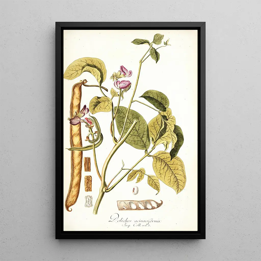 Dolichos acinaciformis -taidegrafiikka, jonka on luonut Nikolaus Joseph Freiherr von Jacquin, erottuu orgaanisilla muodoillaan ja eloisilla väreillään. Herkät kukat ja käpristyneet lehdet on esitetty huolellisesti, mikä korostaa tämän kasvin sisäistä kauneutta. Väriharmonia, joka liikkuu violetin, vihreän ja valkoisen välillä, luo elävän ja dynaamisen ilmapiirin. Tämä taidegrafiikka kutsuu sukeltamaan kasvien maailmaan, jossa jokainen yksityiskohta juhlistaa luonnon monimuotoisuutta.
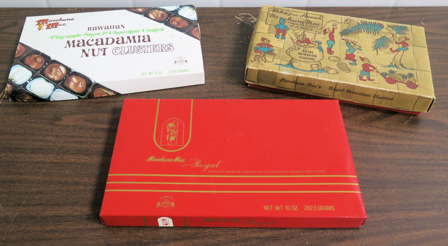 Qty 3 Menehune Mac Candy Boxes, Different Design (Empty)
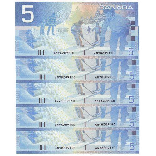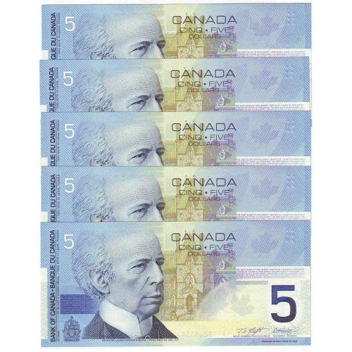 Bank of Canada, Special series of 5 x $5.00 note 2001, grade UNC-65, Charlton # BC-62a, signature Knight Dodge, serial ANV8209110, ANV8209120, ANV8209130, ANV8209140 & ANV8209150. Lot of 5 notes.

**WHAT THE TASK ASKS**.
Give the listing again word for word. Skip every image.

**YOUR RESPONSE**.
 Dolichos acinaciformis -taidegrafiikka, jonka on luonut Nikolaus Joseph Freiherr von Jacquin, erottuu orgaanisilla muodoillaan ja eloisilla väreillään. Herkät kukat ja käpristyneet lehdet on esitetty huolellisesti, mikä korostaa tämän kasvin sisäistä kauneutta. Väriharmonia, joka liikkuu violetin, vihreän ja valkoisen välillä, luo elävän ja dynaamisen ilmapiirin. Tämä taidegrafiikka kutsuu sukeltamaan kasvien maailmaan, jossa jokainen yksityiskohta juhlistaa luonnon monimuotoisuutta.
 Qty 3 Menehune Mac Candy Boxes, Different Design (Empty)
 Bank of Canada, Special series of 5 x $5.00 note 2001, grade UNC-65, Charlton # BC-62a, signature Knight Dodge, serial ANV8209110, ANV8209120, ANV8209130, ANV8209140 & ANV8209150. Lot of 5 notes.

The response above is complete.